There are two parts of code in the Red-section:

  1. Only this part of red-section is related to non-objects, and it calculates only objectness(T0)_delta - we should calculate it to decrease objectness(T0), to say that there is no object: https://github.com/AlexeyAB/darknet/blob/cce34712f6928495f1fbc5d69332162fc23491b9/src/yolo_layer.c#L253-L258
  2. This part of red-section is related to objects, we use it only if we want that many final activations will produce the same one bounded box - which will be fused by NMS: https://github.com/AlexeyAB/darknet/blob/cce34712f6928495f1fbc5d69332162fc23491b9/src/yolo_layer.c#L259-L268
i-chaochen commented 5 years ago

Thanks for this explanation! Helps a lot!

So it means green part is for NMS for detected objects?

AlexeyAB commented 5 years ago

@i-chaochen

i-chaochen commented 5 years ago

Thanks a lot, your explanation for red section is really crystal clear!

Sorry for my dumbness for asking this again, since you already have calculated the deltas for nonobject and object at red section, why you still need the green screen for single object detection again? How does this green section for single object detection helps on the results of bounding boxes?

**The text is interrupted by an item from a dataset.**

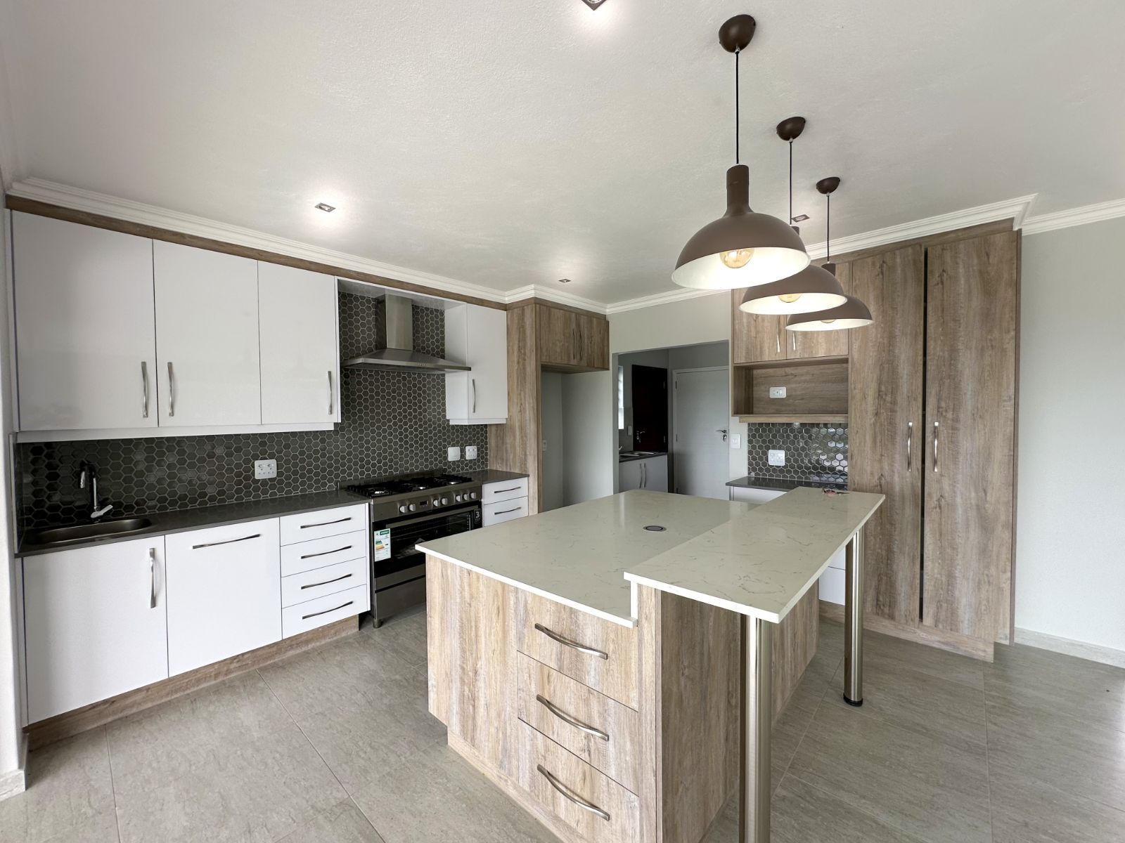 The kitchen is a masterpiece of contemporary design, complete with state-of-the-art appliances, a separate scullery, and a dedicated laundry section. For added convenience, a second kitchen and living area provide additional space and functionality.

AlexeyAB commented 5 years ago

@i-chaochen

There are two cases:

  1. If truth_thresh=1 then this part of Red-section will not be used (delta_yolo_class and delta_yolo_box will not be calculated) - so we must use Green-section

  2. If truth_thresh<1 then this part of Red-section will be used delta_yolo_class and delta_yolo_box will be calculated), but if for some predictions best_iou < l.truth_thresh then this code still will not calculate delta_yolo_class and delta_yolo_box - so we must use Green-section

i-chaochen commented 5 years ago

@AlexeyAB I see.... Again! Thanks for the kind explanation!

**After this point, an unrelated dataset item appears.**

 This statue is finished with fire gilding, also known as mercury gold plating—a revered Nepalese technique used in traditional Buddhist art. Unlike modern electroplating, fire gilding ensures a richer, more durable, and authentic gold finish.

vb123er951 commented 4 years ago

Hi @AlexeyAB , I am studying about the YOLOv4 paper, and I see a new idea in paper is "use multiple anchors for a single ground truth if IoU(gt, anchor) > iou threshold," can you explain more about this part? How it works and what is the motivation of this idea?

I saw your explanation about the figure image

Red section - search for final activations where are no objects Green section - search for final activations where are objects

but you still count object loss in no object region(in red region)? thanks.